Кейт уложила Урсулу в кроватку и подошла к окну, открыв щелку в плотных шторах.
– Мы скоро будем дома. Это наша последняя ночь в Лондоне. И наверное, мы никогда больше его не увидим. Тебе не жаль?
– Нет, – соврал Тони.
Если бы не Кира, вранье было бы не таким откровенным. Но Кира – это блажь.
– Неужели?
Кейт, конечно, имела в виду именно Киру, но не стала уточнять – спасибо и на этом.
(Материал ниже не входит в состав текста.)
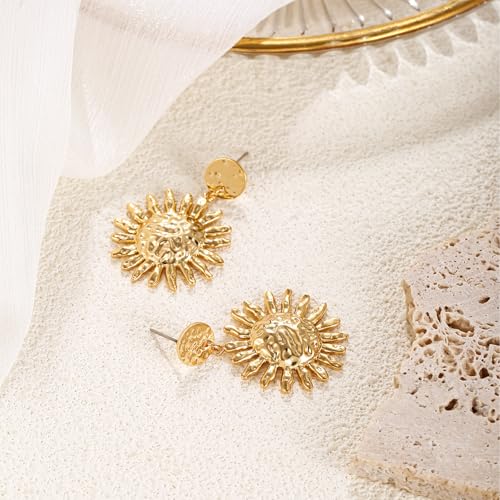 Gold/Silver Sun Dangle Earrings for Women Trendy Round Earrings Statement Earrings Vintage Boho Earrings 4
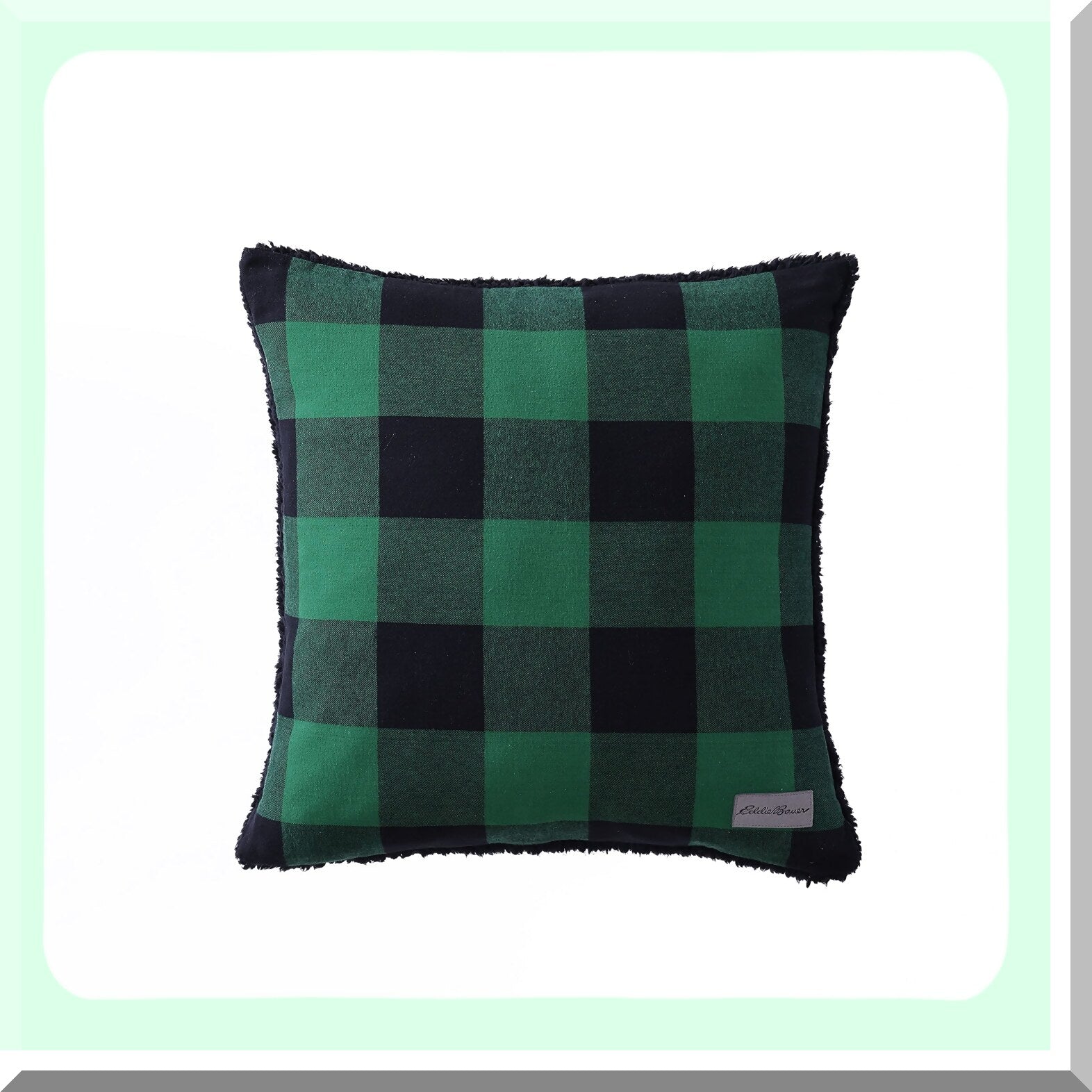 CozyPlaid Reversible Flannel/Sherpa Throw Blanket & Pillow Cover Set - All-Season Green/Black Buffalo Plaid Home Decor Bundle

– Я слишком сильно хочу домой. Гораздо сильней, чем сожалею о разлуке с Лондоном. И… знаешь, мне почему-то не верится, что я доберусь до дома. Не знаю почему. Предчувствие.
Кейт трижды плюнула через левое плечо.
– Все будет хорошо, вот увидишь. Мы с тобой непременно должны туда вернуться…
– Слишком гладко все шло. Так не бывает. Я не верю, что нам удалось обмануть ветеранов. Я не верю, что в МИ5 никто не догадывается о том, что происходит.
– Ты не делал ошибок. Почти. И не так уж гладко все шло… Осталось немного. Осталось несколько часов. Если ты будешь нервничать, то можешь ошибиться в последнюю минуту.
– Я совершенно спокоен. Просто тоска какая-то внутри. Непонятная.
***
У Кейт не было домашнего телеграфа, и в пять утра Тони пошел ловить такси на улице – она должна была спуститься вниз с коляской, когда увидит из окна подъехавший парокэб. В полночь на пост заступил доктор W., и Тони счел это добрым знаком. Как и туман, особенно густой тем холодным утром.
Выйти из дома так, чтобы не заметил доктор (ветеран!), было непросто, и в другой раз Тони нашел бы соревнование забавным, но тут бросать ветеранам вызовы не хотелось. Доктор – добрейшей души человек, однако злоупотреблять его добротой как-то нечестно, не по правилам.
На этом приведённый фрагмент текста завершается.